- Opening Delimiter -
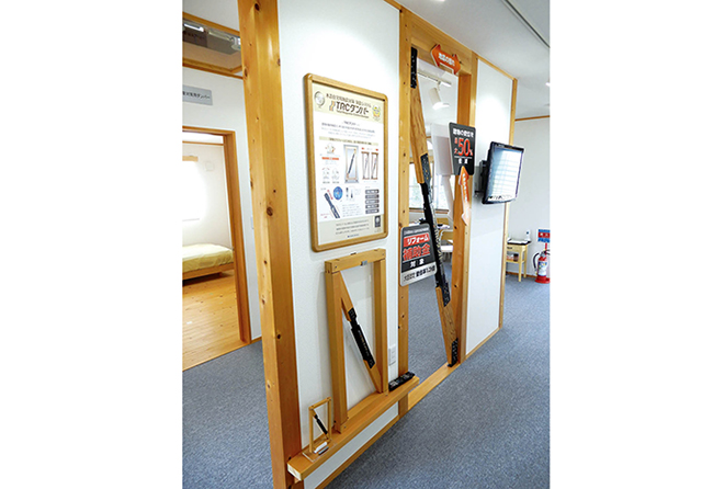 工務店などの皆さんに説明させていただく場合は、まず愛知県小牧市の住友理工小牧本社にある実験住宅に見学に来ていただいてご紹介しています。ここは地元の工務店さんに建てて頂いた実物大の木造2階建て住宅で、耐震と制震、免震の違いが一目でわかる模型や制震ダンパーの実物展示、制震目的以外の防音用デバイスとしての制振システムの体験もできて、「制震(制振)とは何か」を理解して頂くことが出来ます。
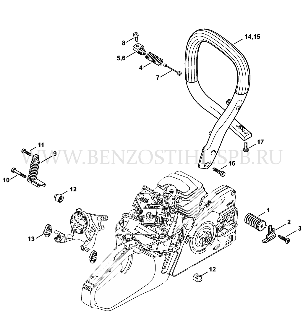 MS 251 Антивибрационная система - Трубчатая рукоятка ремонт, запчасти, сервисное обслуживание.
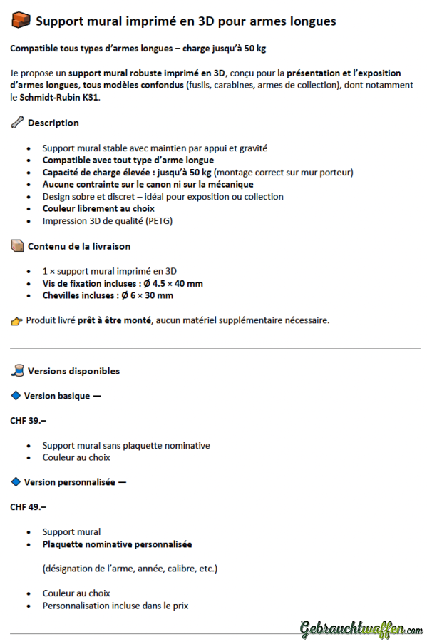 Je propose un support mural robuste imprimé en 3D, conçu pour la présentation et l’exposition d’armes longues. Compatible avec tous les modèles (fusils, carabines, armes de collection), notamment le Schmidt-Rubin K31.
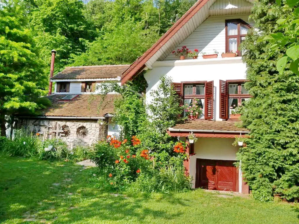 - Are un teren de 4000 mp cu livadă, loc de joacă pentru copii, 2 case separate (Casa de familii și Casa de Lemn), parcare și grătar.
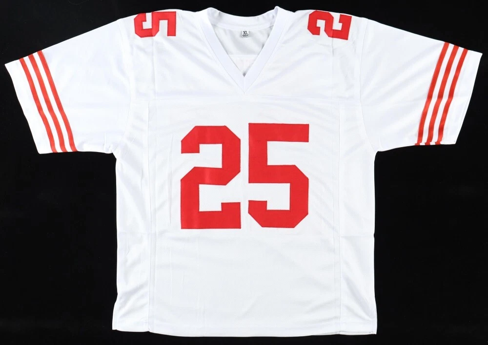 Own a piece of history with this Elijah Mitchell autographed jersey. This jersey features the signature of the star player and has been authenticated by James Spence Authentication and includes an official JSA Certificate of Authentication ensuring its authenticity and providing peace of mind. This collectible is perfect for any San Francisco 49ers fan and makes for a great addition to any sports memorabilia collection. This authentic hand signed, high quality custom jersey has sewn numbers/names in the player's teams colors and comes in size XL. The jersey is not affiliated with team or league. Get your hands on this collector's item today!
- Closing Delimiter -
Activity
Take the material above from its first line through the line holding "MS 251 Антивибрационная" and set it down exactly, without the pictures.

Task answer
 工務店などの皆さんに説明させていただく場合は、まず愛知県小牧市の住友理工小牧本社にある実験住宅に見学に来ていただいてご紹介しています。ここは地元の工務店さんに建てて頂いた実物大の木造2階建て住宅で、耐震と制震、免震の違いが一目でわかる模型や制震ダンパーの実物展示、制震目的以外の防音用デバイスとしての制振システムの体験もできて、「制震(制振)とは何か」を理解して頂くことが出来ます。
 MS 251 Антивибрационная система - Трубчатая рукоятка ремонт, запчасти, сервисное обслуживание.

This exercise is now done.